OilMin probe blames lapses by GAIL for pipeline blast in AP

An Oil Ministry probe has blamed lapses by state gas utility GAIL India for the deadly pipeline blast in Andhra Pradesh that killed 22 persons in June this year.

GAIL had built the Tatipaka-Kondapalli pipeline to transport dry gas to cusomters. But instead shipped "wet" natural gas, containing water and highly inflamable condensate that corroded the line, leading to a leakage and a subsequent blast when the cloud of leaked hydrocarbons came in contact with a fire source on June 27.

An inquiry committee, headed by Joint Secretary (Refineries) Rajesh Kumar Singh, in its report said though individual culpability was difficult to establish, it appeared that inadequate systems/approach of GAIL in undertaking repeated repair of these high pressure lines was a factor in the accident.

GAIL had failed to meet its commitment to install a gas dehydration unit (GDU) at the start of the pipeline at Tatipaka to strip water and condensate from wet natural gas so as to prevent pipeline corrosion and leakage.

"GAIL has apparently flouted the declaration to the statutory authority as well as the declared design basis by not providing GDU at Tatipaka and Mori. Absence of GDU contributed to increasing the internal corrosion rate in the pipeline," the report said.

Wet gas contains free water, carbon dioxide and sulphur which induced internal corrosion in the pipeline.

The panel said the explosion, followed by a major fire, was due to leakage of condensate and gas which was probably continuing from the night before the incident. The condensate formed vapour cloud with gas pockets, and triggered a major fire when a tea vendor lighted the stove.
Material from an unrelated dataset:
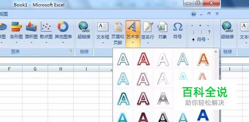 在【艺术字样式】下拉列表上,选择好一种艺术字样式,可看到excel表中会出现默认的字,如下图所示。

Besides installation of dehydration facility for removal of water and condensate prior to feeding natural gas in the pipeline, it recommended through inspection of the pipelines and putting up of leak detection system.

Also, patrolling using modern gadgets should be carried out in the pipeline route.
It also recommended that "GAIL should complete an internal enquiry of managerial failures at different levels and fix responsibility for the lapses pointed out herein."

A spark, possibly from a stove lit by a local, at 0545 hours on June 27 led to condensate and cloud of gas catching fire with a loud explosion. The fire spread over a 50-metre radius, engulfing nearby dwelling units, houses and tea stalls, killing 22 people, including three women and three children, besides injuring 38 others.